"Within Me" is a song by Italian gothic metal band Lacuna Coil. It was released as the fourth and final single from their fourth studio album, Karmacode.

The song is a power ballad and the first released as a single by the band.

The release of the single coincided with the start of the Jägermeister Music Tour where the band supported Stone Sour. The song was also performed on MTV2's Headbangers Ball.

Meaning of the song

Release
The music video was released on 10 April 2007. The single was scheduled to be released on 4 May 2007, but it was delayed a week, eventually being released on 11 May 2007, exclusively in the bands native country of Italy.

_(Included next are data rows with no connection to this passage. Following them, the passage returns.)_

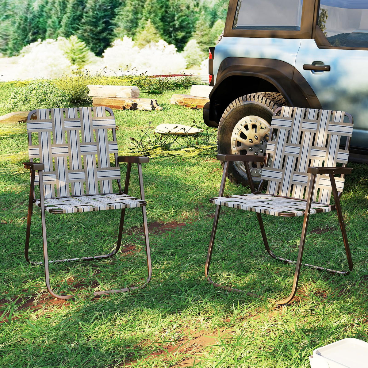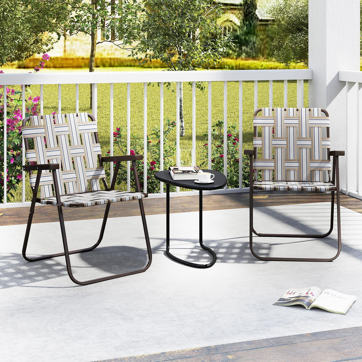 GYMAX Lawn Chair Folding Webbed Beach Lounge Chairs Set with Highback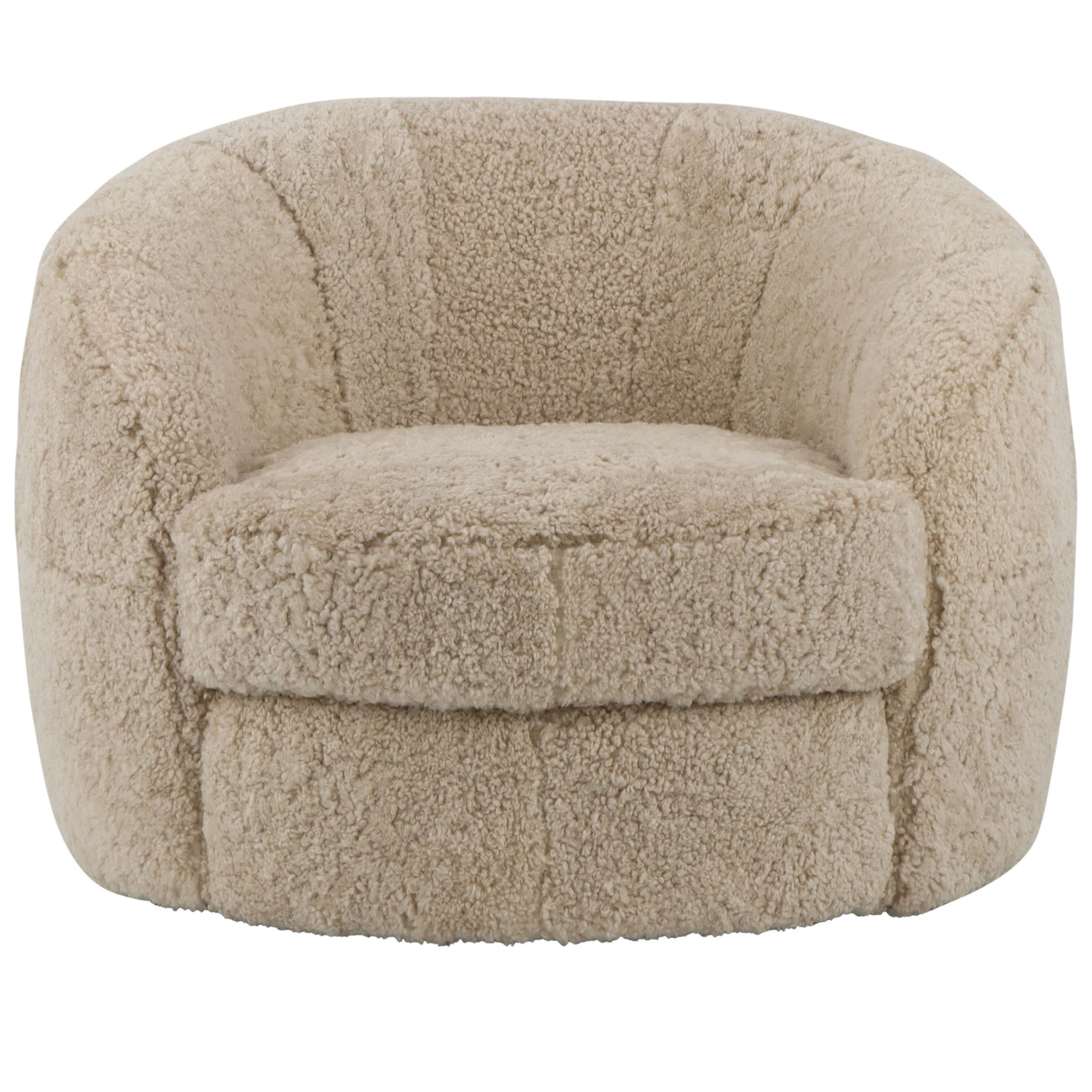 The Sennon Swivel Chair features a plush 100% sheep skin fabric cover, offering a luxurious touch and exceptional comfort. Its contemporary design and smooth swivel functionality make it a perfect addition to modern living spaces.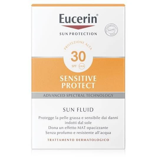 Eucerin Sun Fluid Opacizzante SPF30 : Un fluido solare per il viso che combina una protezione UV alta con la protezione cellulare e del DNA.Questo fluido opacizzante non grasso è ideale per la pelle mista o grassa. Eucerin Sun Fluid Opacizzante FP 30 è uno schermo solare avanzato per il viso specificamente sviluppato per proteggere dai danni dei raggi UV. Per la pelle mista o grassa. Resistente all’acqua. Questa formula innovativa garantisce una protezione intensa dai danni causati dai raggi UV – sia negli strati superiori che in quelli inferiori della pelle:Un sistema di filtri fotostabili UVA/UVB altamente efficace con Tinosorb S che fornisce una protezione sicura dalle scottature. Conforme alla normativa EU e delle Aziende Cosmetiche Europee – L’Associazione Personal Care (prima chiamata Colipa).Acido Glicirretico che protegge il DNA favorendo la protezione naturale del DNA ed i meccanismi di riparazione.Protezione cellulare con Licocalcone A – un potente antiossidante che protegge le cellule cutanee dai danni causati dai radicali liberi.Questa texture ultra leggera, non grassa opacizza la pelle e non lascia l’effetto di lucido. Agisce bene nei climi caldi ed umidi.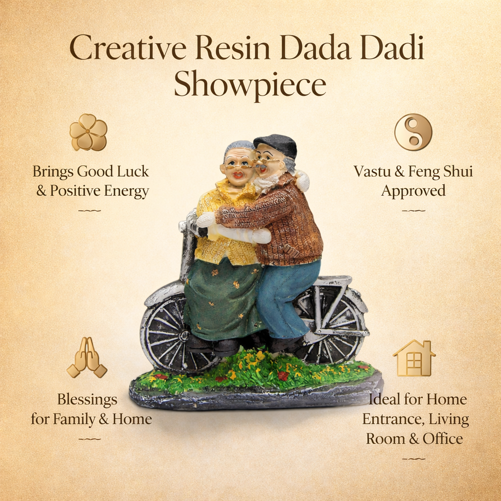Dada-Dadi Romantic Couple Miniature Grandparents on Cycle Statue Showpiece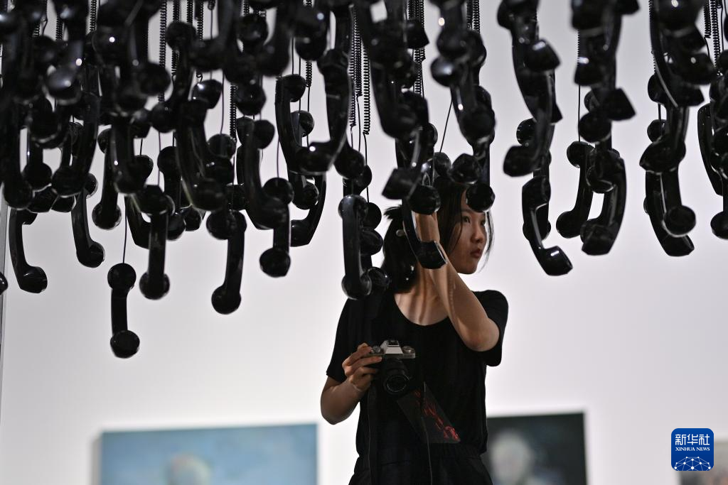 6月14日,參觀者在清華大學藝術博物館欣賞作品《回音之間》。作品中的每個聽筒播放著不同的日常電話錄音。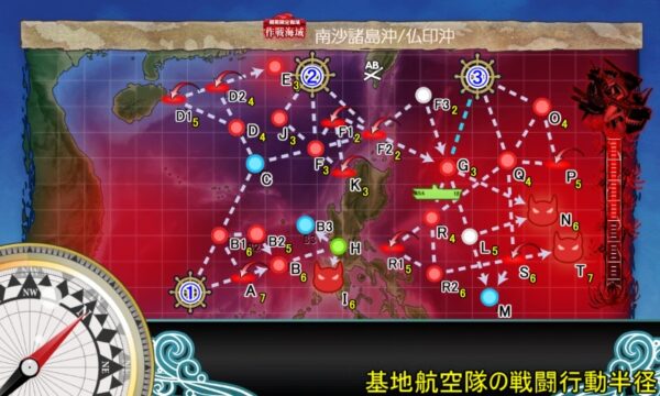 戦闘行動半径 G:通常(3) R:潜水(4) R1:空襲(5) R2:通常(6) S:空襲(6) T:ボス(7)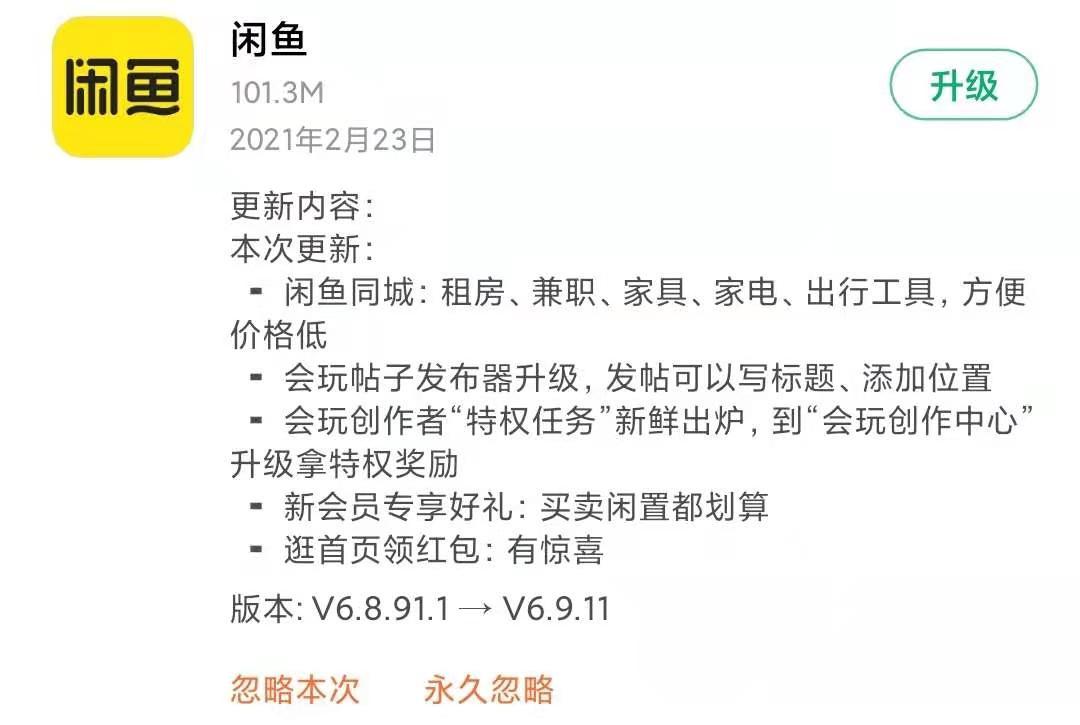 当然,更多的软件更新还是在持续推出新功能。以二手交易平台闲鱼为例,本次闲鱼更新正式推出同城业务,涵盖了租房、兼职等多个业务模块。闲鱼曾经不过是一个单纯的二手交易平台,随着产品的不断更新,闲鱼不断推出鱼塘、玩家、直播、优品捡漏等业务板块,社区意味愈发浓厚。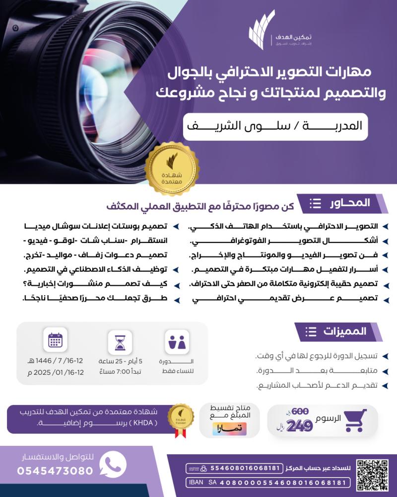 -شهادة معتمدة من تمكين الهدف للتدريب(KHDA)برسوم إضافية.
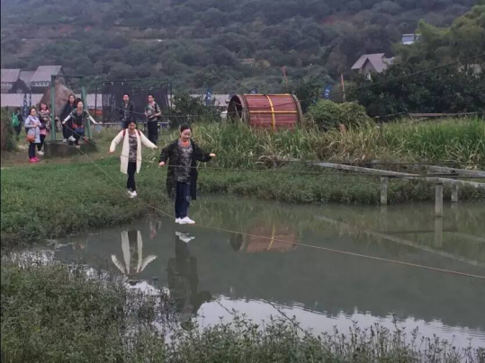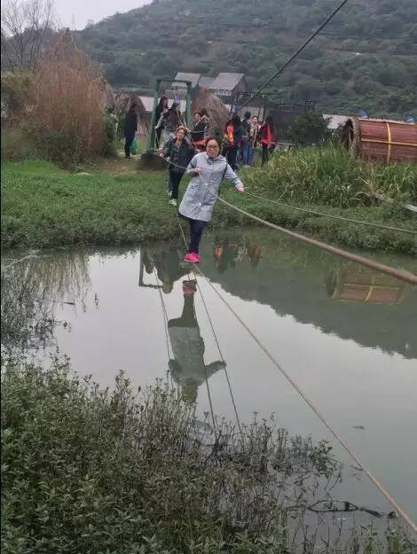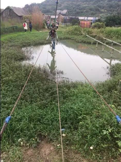 索桥上,康康高蒙一个优美的交汇,弄得我们周围的,全都出了一身冷汗,两边关注的小伙伴迅速稳住钢索,OK,完美通过,惊险,精彩!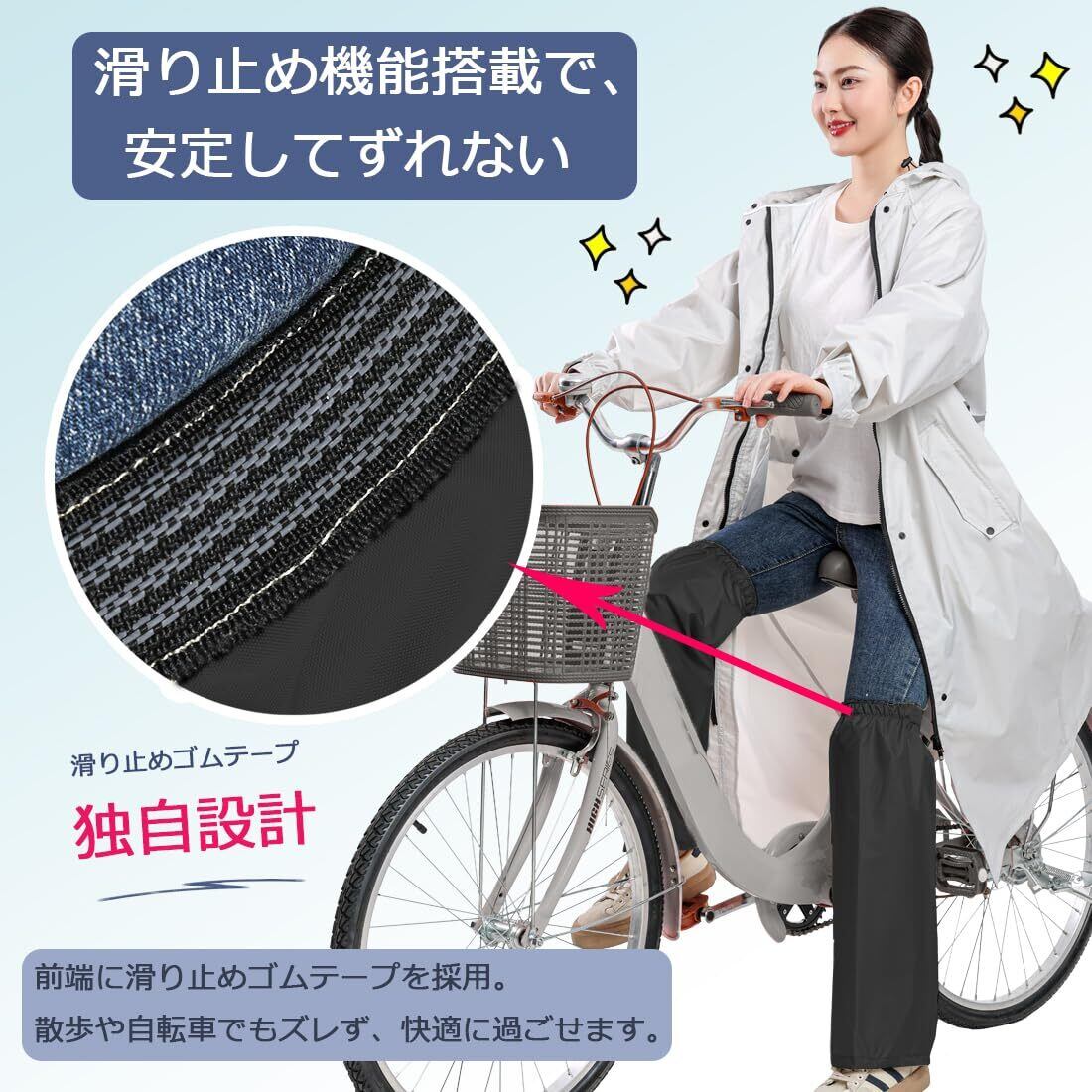 【滑り止め機能搭載で、常に安定した装着感】防雨レッグカバーの前端には、細やかな配慮の上、滑り止めゴムテープが施されています。普段の散歩や自転車での移動中でも、レッグカバーがズレたりめくれたりすることはありません。優れた滑り止め性能によって、着用中ずっとしっかりと足に固定され、様々なシーンで安心して使えます。滑落の不安を全く感じず、快適に過ごせます。

A different version of the single was released in America on 24 September 2007 and in Japan on 2007 September 25.

Critical reception
The song was generally well received by critics. PopMatters said of the song, "It’s formulaic, but at least this band knows how to work the formula well.". Metal.it described the song as, "è un colpo a sorpresa, un brano che potrebbe essere il prologo dei futuri Lacuna Coil" (It's a surprise, a track that could be a prologue of future Lacuna Coil).

Music video
The video was filmed from 2 to 3 March 2007 in Turin at Borgo Medievale's park and castle and in the Sardinian desert. Band members appear in old style costumes. The video makes use of certain special effects, including artificial rain.
Cristina Scabbia, after having filmed her part, went to the US to film the video for "À Tout le Monde (Set Me Free)" with Megadeth.
The music video was released on 10 April 2007.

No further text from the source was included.